Вторая причина – изменение семантики искусства, изменение содержания. О чем могла сказать старая живопись шестидесятников (Рабин, Немухин, частично Рогинский и другие)? О состоянии души, о настроении, о переживании. А тут на горизонте появились новые содержания, которые требовали выхода. Прежде всего это содержания социальные. Кончилась эпоха Я, началась эпоха МЫ, как провозгласил Кабаков. Язык Рабина, который тоже занимался социальными феноменами, был слишком личный. Необходимо было найти более объективированный язык. Кабаков или Булатов искали именно такой отчужденный, безличный способ выражения. Лично меня социальное содержание не очень интересовало, или мне так казалось, но зато для меня были важны вопросы экзистенциальные. Однако и в этом плане старый язык уже не годился, слишком он был герметичен. Поэтому обращение к нехудожественным предметам помогло и экзистенциальное содержание выразить с большей ясностью. Я имею в виду такие, по сути, экзистенциалистские работы, как «Проекты для одинокого человека» и альбомы начала 1970-х годов.
– Хорошо, но что заставило отдельных художников (отметим, что не всех!) обратиться к новому содержанию, точнее, что заставило искать это новое содержание? Может быть, это были какие-то события или перемены вовне, что подвигли их на внутренние подвиги и сдвиги? Что произошло?
– (Очень долгая пауза.) Вероятно, Вы имеете в виду изменения в духовной сфере?.. Я мог бы ответить только в самых общих чертах, что с начала 1960-х и до середины 1970-х годов меняется общее самоощущение человека. Это отмечают очень многие. Этот процесс начался в начале шестидесятых во всем мире, но поскольку в России все происходит с опозданием, то у нас это началось на десять лет позже. Но это были общие культурные процессы, которые охватили весь мир. На Западе это движение хиппи, бит-дженерейшн, сексуальная революция, паломничество на Восток, экологическое движение – все это огромные духовные и социальные сдвиги. И хотя Советский Союз был отрезан «железным занавесом» от остального мира, такие вещи распространяются не по Земле. Распространение идей происходит на более высоких уровнях, так что никакие «железные занавесы» здесь не помогут.
С новым самоощущением, о котором я говорю, связано и появление «новой религиозности», если это явление можно так назвать. Это религиозность вне каких-либо конфессий, не имеющая ни четких границ, ни ритуалов, ни жрецов, ни священников, – по существу, очень открытая форма религиозности. На одном ее полюсе – полная свобода человека, на другом – предопределенность. Апостолом свободы можно было бы назвать Алена Гинзберга, апостолом предопределенности – Габриэля Гарсиа Маркеса, роман которого «Сто лет одиночества», так же как и примерно в это же время опубликованный булгаковский «Мастер и Маргарита», произвели у нас взрыв сознания. Был и третий путь – интеллектуальной рефлексии культуры; его представлял Борхес. Все эти три линии, прослеживающиеся и в нашей культуре второй половины ХХ века, относятся к той «новой религиозности», характеристики которой я пытаюсь нащупать.

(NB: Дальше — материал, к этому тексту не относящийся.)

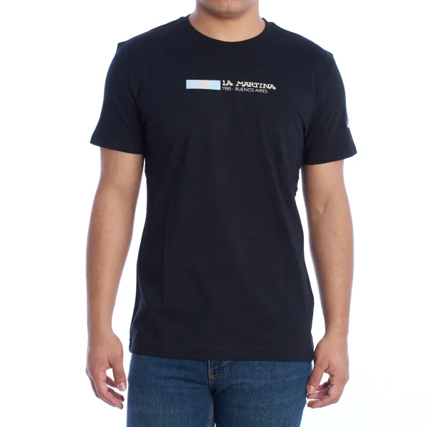 Herren-Kurzarm-T-Shirt von La Martina. Als Kleidungsstück, das Stil und Komfort in Einklang bringt, zeichnet sich das T-Shirt La Martina durch sein minimalistisches Design und markante Details aus, die den Charakter der Marke widerspiegeln. Einzelheiten: - Hergestellt aus weicher und leichter Baumwolle, ideal, um Frische und Komfort zu garantieren. - Auf der Brust sind das Jahr und die Stadt aufgedruckt, die die Herkunft und Authentizität der Marke hervorheben. - Gesticktes Logo am Ärmel. - Regulärer Schnitt. - Klassischer Rundhalsausschnitt und verstärkte Nähte sorgen für Haltbarkeit und Widerstandsfähigkeit. - Perfekt kombinierbar mit Jeans oder Shorts, ideal für lässige Looks. Dieses Herren-Kurzarm-T-Shirt vereint außergewöhnliche Qualität und einzigartiges Design. Es ist ideal für informelle Anlässe und bietet einen lässigen und modernen Stil, der die Essenz von La Martina hervorhebt. Komposition: 100% Baumwolle Pflege: - Maximal bei 30°C im Schonwaschgang waschen. - Verwenden Sie keine Bleichmittel oder Bleichmittel. - Bei niedriger Temperatur bügeln, vorzugsweise auf links. - Benutzen Sie keinen Trockner.
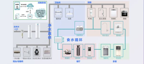 在产品上,安吉尔拥有行业内品类最全且最具品质的全屋净饮水产品,包含前置过滤器、中央净水机、中央软水机、末端净水机及管线机等;
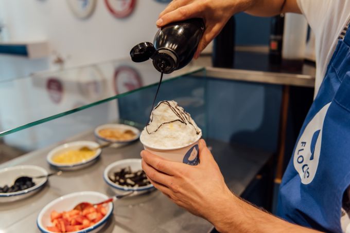 Fluffiges Schnee-Eis bechern bei Flockys in Friedrichshain
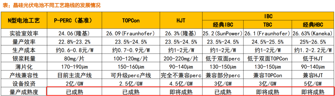 在这样的背景下,市场对高效电池片的需求提升,TOPCon、HJT高效电池片技术路线也由此逐渐发展成熟,且转换效率提升空间大,性价比优势逐渐显现,目前已逐步进入大规模产业化阶段。
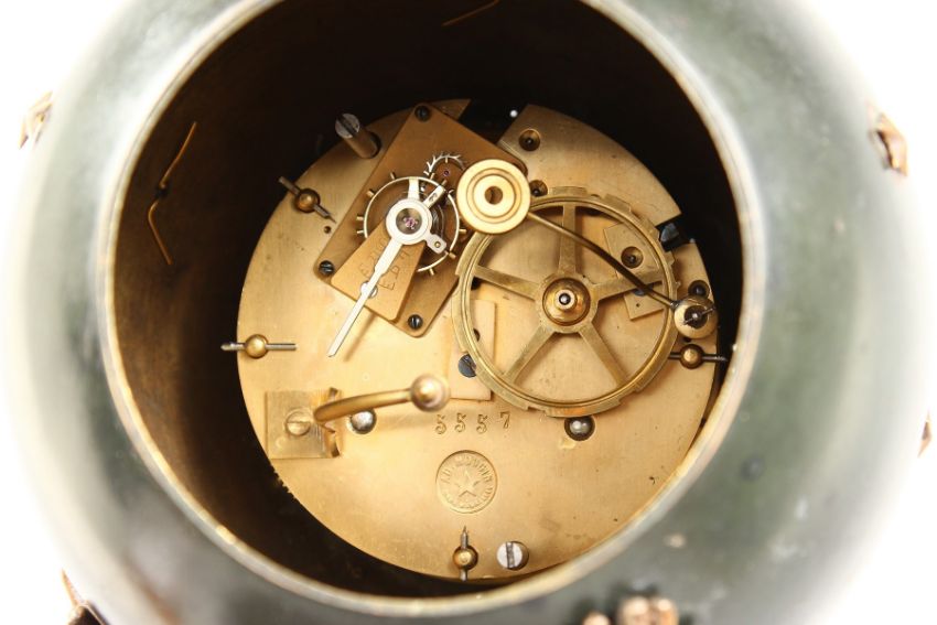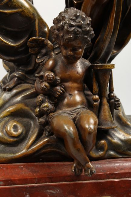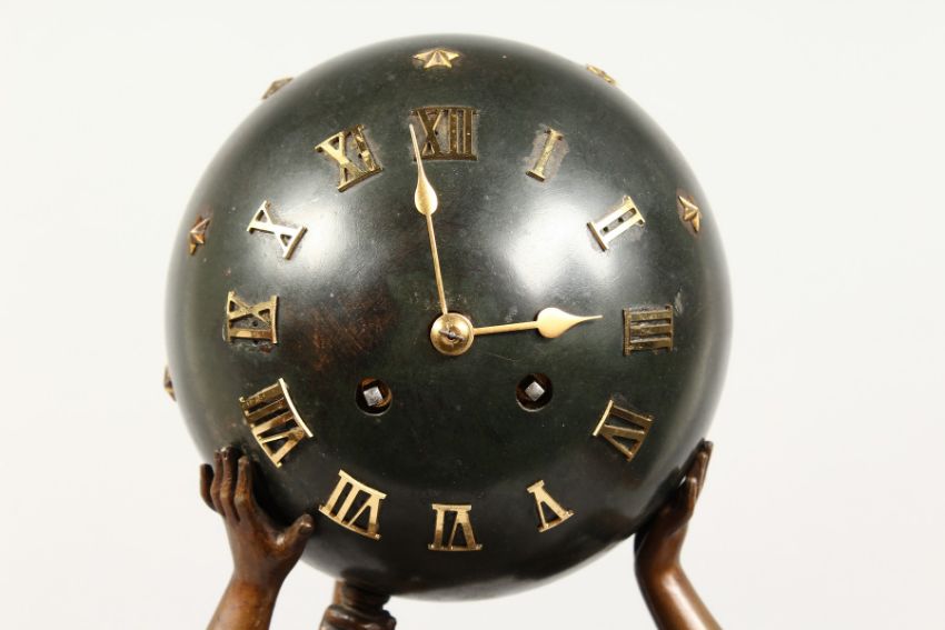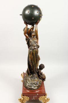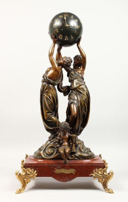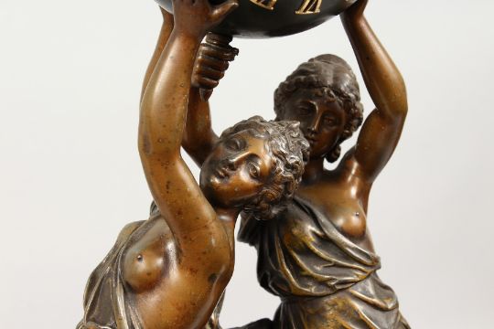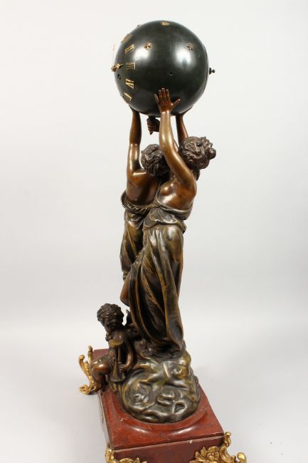 A GOOD LARGE BRONZE CLOCK "JOUR & NUIT", with two full-length maidens holding a globe of the world which is the clock, on a marble base.

Событий и причин, подвигнувших художников искать «новое содержание», разумеется, было больше. Я упомянул только некоторые. Но время было сильное.
Прага,июль 2009 года
Оскар Рабин:
Наша жизнь была полна событиями
Те годы были такими насыщенными, что трудно в двух словах рассказать обо всем, что происходило тогда. В моей жизни, в жизни других художников, да и во всей культуре и искусстве после смерти Сталина произошли такие изменения, которые можно сравнить с тем, что нам как бы дали новую жизнь, новое дыхание. Я не хочу сказать, что для художника жизнь стала нормальной и он стал жить-поживать в нормальном, цивилизованном обществе и государстве. Напротив, жизнь была наполнена абсурдом, но надеждами и разочарованиями, страстями и событиями, представить которые в мертвые времена при Сталине было невозможно. Нам как бы приоткрыли окно в Европу и весь остальной свободный мир. И хотя выйти за пределы окна не разрешалось, что породило много иллюзий и нереальных, неоправданных, наивных надежд на другую, нормальную человеческую жизнь, тем не менее это дало сильный толчок для осознания себя не только «винтиком» советской системы, но и индивидуальностью, личностью в искусстве и жизни.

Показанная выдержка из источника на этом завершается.